28: People really don’t know what I do all day. This month, in my health protection role, a meeting of vascular surgeons has invited me to talk about knife crime, a univeristy course has asked me to teach about rural medicine, and a meeting of intensivists has invited me to present on recreational drug toxicology. They may be disappointed at me turning down their kind invitations, but they’d be far more disappointed if I accepted given that I know naff all about any of those topics.
29: Via Lana Greene’s column in 1843, I leaned of the German word “Multioptionsgesellschaft”. It was apparently coined by Peter Gross, a Swiss sociologist, in the early 1990s. It refers to a world swamped by choice, which feels very current: I frequently open Netflix for something to watch and close it a few minutes later with the resignation of not being able to decide.
30: I heard a snippet of a radio programme in which an older person was being interviewed and the subject of loneliness among the elderly came up. The interviewee suggested that while lots of attention has been paid to loneliness recently, too little has been paid to the loss of solitude for many other older people, such as those in care homes. I’d never heard that point made before, and I suspect it will stick with me: solitude is something very important to me.
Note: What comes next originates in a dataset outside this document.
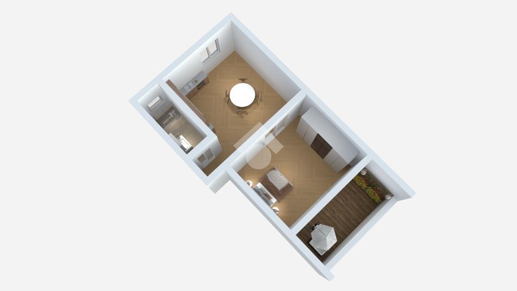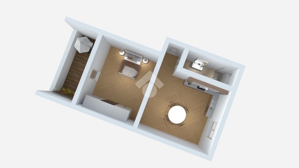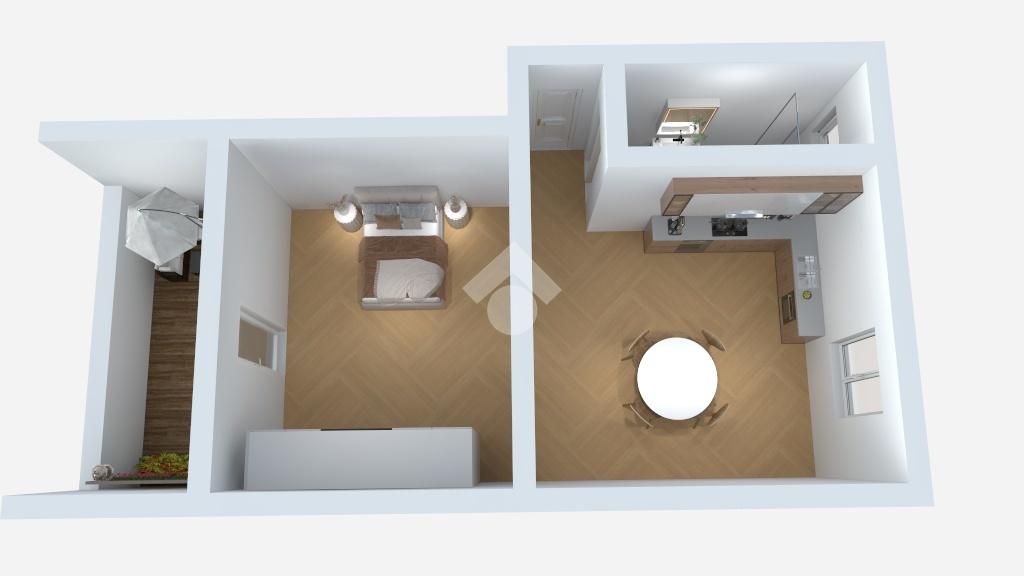 L’ appartamento risulta molto luminoso grazie alla sua doppia esposizione e si compone di una zona giorno con cucina a vista, bagno finestrato con box doccia e camera da letto matrimoniale.

I usually try to avoid ‘grumpy’ columns in magazines. As a general rule, they are not very interesting and are not nearly as funny as the author intends. Turning a ‘moan’ into interesting writing is a tricky skill to pull off.
Some companies seem to revel in redundancy. In the railway world Amtrak is the champion of verbosity. Recorded announcements on its trains proclaim the arrival of each station with a peroration ending in a request to “please take this time to look about you and collect your bags”, as though the majority of passengers were otherwise likely to canter off the train in a spiritual ecstasy, leaving their material possessions in their wake.
This complaint touched a nerve. When I was commuting to London on a weekly basis a few years ago, there was one particular train guard whose name became lodged in my memory, so annoying were his announcements. His tone tended to convey a weary sense of superiority: it was with some mild irritation that he reminded passengers to check that their tickets were valid for this particular service, as though only a moron could be confused. He spoke extremely slowly, as though he had been told in training not to speak too fast and had overcorrected. And, most irritatingly of all, he seeemed intent on lengthening every announcement to the greatest possible extent by including superfluous words.
Peterborough would never be the ‘next stop’; it would inevitably be ‘the next station stop at which our service will be calling this morning’. Passengers should not merely content themselves with ‘reading the displayed safety instructions’; rather they should ‘be sure to fully familiarise themselves with the safety information cards displayed on the walls of the vestibules at the end of every carriage on board this service’. Customers should not simply ‘have tickets ready for inspection’; they should ‘be aware that a full ticket check will now take place in all coaches, starting from Coach B at the front of the train, and ensure that they have all tickets, travel documents and railcards to hand both at their seat and when moving around the train.’
The verbosity was almost too much to bear. So while I disagree with Adrian’s preference for not knowing the names of service workers and wearing headphones through safety demonstrations on aircraft, I find it hard not to have a little sympathy with his complaints about excessively loquacious train guards.
As an aside, on a recent train journey, the guard issued the typical reminder that passengers should “take all of their personal belongings with them”. Somebody loudly responded that this wasn’t practical, as most of their personal belongings were at home rather than on a train. I’ll laughed quite loudly, despite myself.